Moreover, the appellate court correctly chose the credit formula which suspends payments because the other methods described above and previously used by the appellate court could not be utilized under the circumstances of this case. A lien against the settlement funds was inappropriate because those funds had already been distributed to the plaintiff. In addition, the suspension of payments is the most expedient and accurate method for protecting the employer's rights.
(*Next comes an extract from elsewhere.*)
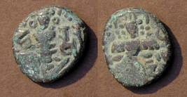 | Description / विवरण | Descrpn./Obv Stylised seated Goddess facing; Sharada legend, Ha (on l.) rsha ra (on r.). Descrpn./Rev Stylised standing king design; Sharada legend, jadeva (on r.) |

*428 Since we have concluded that responsibility for protecting the employer's reimbursement rights lies with the court and not the Industrial Commission, we reject plaintiff's argument that the circuit court should have ordered the parties to seek a lump-sum settlement from the Commission. Nothing in the statute suggests that procedure, and even if the court were to order the parties to petition the Commission for such a settlement, there is nothing to ensure that the Commission would enter such an order. Indeed section 9 of the Workmen's Compensation Act (Ill. Rev. Stat. 1975, ch. 48, par. 138.9) requires that "the best interests of both parties be served before a lump-sum payment will be awarded." (Bagwell v. Industrial Com. (1983), 94 Ill. 2d 101, 105.) Such an order by the circuit court would not adequately protect the employer's reimbursement rights.
Finally, the village contends that the plaintiff has failed to reimburse the village in accordance with the order of the circuit court. We need not address this issue because the lien was improper and it will be necessary for the circuit court on remand to determine the proper credit to be granted to the village. Any payments made to the employee which were not repaid should, therefore, be credited to the village.
We conclude that the circuit court had jurisdiction to enforce a lien in favor of the village in the form of proper credits against the payments required to be made to the plaintiff, but the court failed to properly protect the village as required under section 5(b). The appellate court correctly held, then, that this case should be remanded to the circuit court for a determination of the proper credit to be granted to the employer.